Le diocèse d’Angoulême aurait été fondé par Saint-Ausone au IVe siècle. Les premiers évêques s'entourent de leur presbyterium, collège composé de prêtres, diacres et de clercs qu'il a ordonné, et qui ont pour mission de travailler à l'évangélisation du peuple de la cité d'Angoulême. En effet, le diocèse se confondait dans ses premiers temps avec le territoire peu étendu de la Civitas Engolismensis, qui évoluera vers le territoire de l’Angoumois. Le diocèse était le premier suffragant de la métropole bordelaise.
À la chute de l'Empire Romain d'Occident, la région subit les grandes invasions, et notamment le passage des Vandales qui ravagent Angoulême en 407. L’Aquitaine est pacifiée par les Wisigoths, et passe sous leur domination en 418. Avec l'avènement d'Euric en 466, les Wisigoths, adeptes de la version arianiste du christianisme, lancent des persécutions contre les catholiques et en particulier contre le clergé. Ils détruisent la première cathédrale d'Angoulême et la remplacent par un édifice du culte arien dédié à saint Saturnin[1], tandis que le siège de l’évêché est laissé vacant par Euric en 472.
En 508, juste après sa victoire sur les Wisigoths, Clovis prend Angoulême, miraculeusement selon Grégoire de Tours et Adémar de Chabannes. En effet, sur les conseils de son chapelain Lupicin, il fit porter en procession sous les remparts de la ville des reliques attribuées à Jésus-Christ en croix. Les murailles de la ville se seraient écroulées devant lui et des pierres du rempart l'auraient blessé à une jambe. En rappel de cette prise, une jambe sculptée figure sur une tour de la 2e enceinte datant du XIIe siècle. Clovis nomma son chapelain Lupicin nouvel évêque de la ville et fit abattre l'ancienne cathédrale wisigothe. Lupicin, qui resta 30 ans sur le siège épiscopal, en fit rebâtir une nouvelle, consacrée à saint Pierre. Seuls subsistent de cet édifice primitif deux chapiteaux sculptés en marbre qui encadrent la baie d'axe dans l'abside de l'actuelle cathédrale.
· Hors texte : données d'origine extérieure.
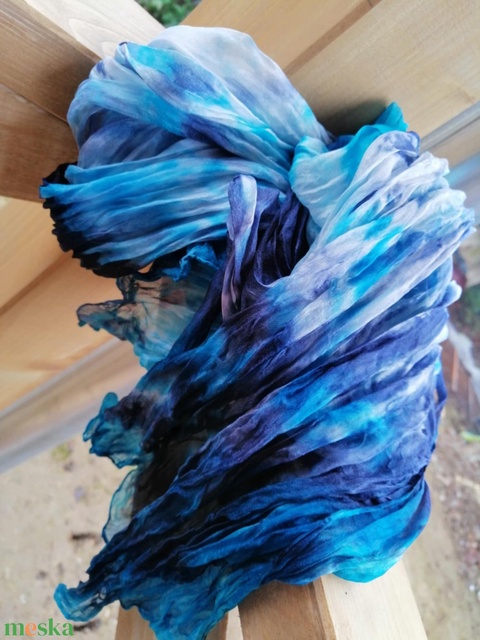 Gyűrt,batikolt valódi selyemsál -Türkíz,navykék árnyalatokkal
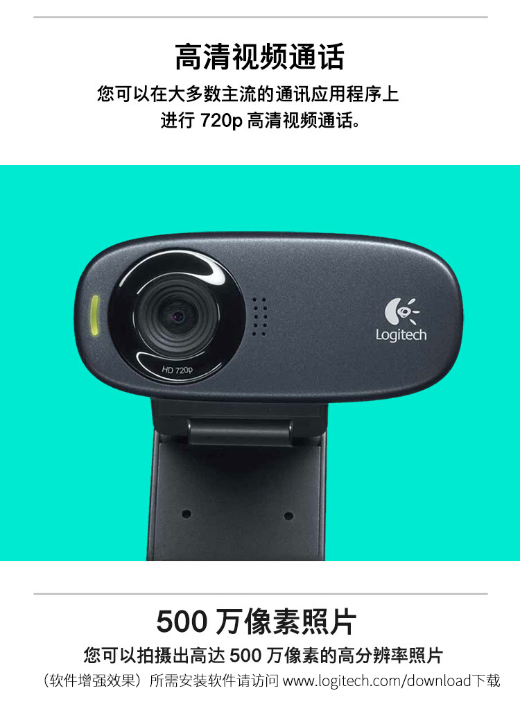 商品名称:罗技网络摄像头 C310 720高清版/内置麦克风/免驱 (10510)
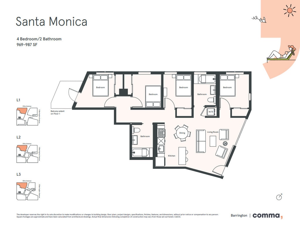Comma Barrington offers 4 to 5 Bedroom apartments starting from $1,350 and having 897–1,421 sq ft. Here is the current pricing and availability:
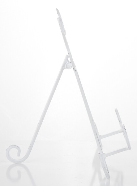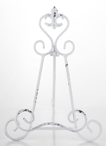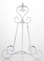 Stylowy, oryginalny stojak, podstawa na ozdobny talerz. Stojak wykonany z metalu, w białym kolorze z przecierkami. Stojak pozwoli na eleganckie wyeksponowanie pięknego, ozdobnego talerza.
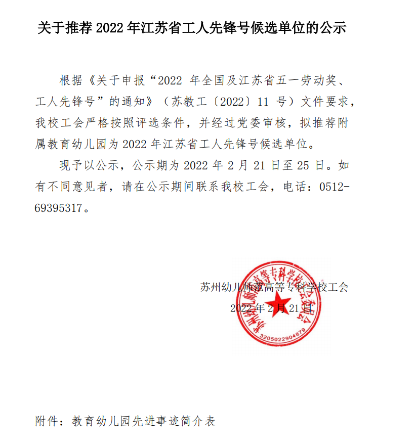 关于推荐2022年江苏省工人先锋号候选单位的公示
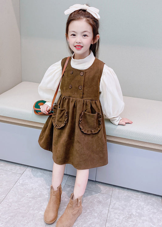 Ensemble deux pièces élégant à col roulé et poches en velours côtelé pour filles, automne ML0041
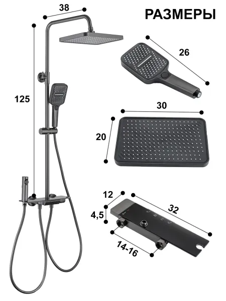 Душевой комплект содержит все необходимое для монтажа. Кроме того, наша душевая стойка с дисплеем и подсветкой имеет простой и быстрый монтаж, благодаря чему вы сможете установить ее самостоятельно без привлечения специалистов. Это позволит сэкономить время и деньги, а также получить удовольствие от процесса создания своего уютного уголка в ванной комнате.
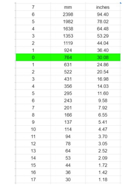 We can stick with the 30 inch, 764 mm start point and change the ratio from
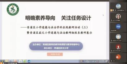 3月25日下午,青浦区小学道德与法治学科教师研修基地开展了主题为“明确素养导向,关注任务设计”的在线教研活动。活动由基地主持人、青浦区教师进修学院小学道德与法治教研员熊江婷主持,云南芒市风平镇中心校领导及学科教师、本区各校道法教研组长、学科教师近百余人通过腾讯会议观摩并参与研讨。

Au VIe siècle, saint Cybard est resté à vivre en reclus, dans une grotte située sous le rempart nord d'Angoulême, en prolongement du Jardin vert, où il soignait les pauvres et accomplissait des miracles,. Ceci entraîne à sa mort la création de la première abbaye, l’abbaye Saint-Cybard, alors que la création de la première abbaye de femmes, l’abbaye Saint-Ausone, s'est faite ultérieurement au Xe siècle, sur la tombe d'Ausone. Saint Cybard est le saint patron du diocèse.
Grimoard de Mussidan, évêque d'Angoulême (991-1018) fit édifier une nouvelle cathédrale en 991, l'ancienne ayant été incendiée sans doute par les Vikings. Abbé de Brantôme en Périgord, il utilisa les revenus de l'abbaye pour financer la construction de la cathédrale. Elle fut consacrée en 1015, mais ne dura qu'un siècle, ses dimensions étant trop réduites.
La région, notamment du côté saintongeais connaît un élan de construction de monuments religieux dans un contexte d'épanouissement de l'art roman saintongeais dont il reste de nombreux témoins aujourd'hui.
En 1110, l'évêque Girard II fait ordonner la construction des maisons épiscopales et de la cathédrale actuelle. L'évêque se révéla être un artiste de premier plan. Il dirigea les travaux de sa cathédrale sous la surveillance du chanoine Itier Archambaud, mort en 1125. Ceux-ci commencèrent vers 1110 et l'église fut consacrée en 1128. Sous l'impulsion de Girard II, quelques abbayes et églises voient aussi le jour.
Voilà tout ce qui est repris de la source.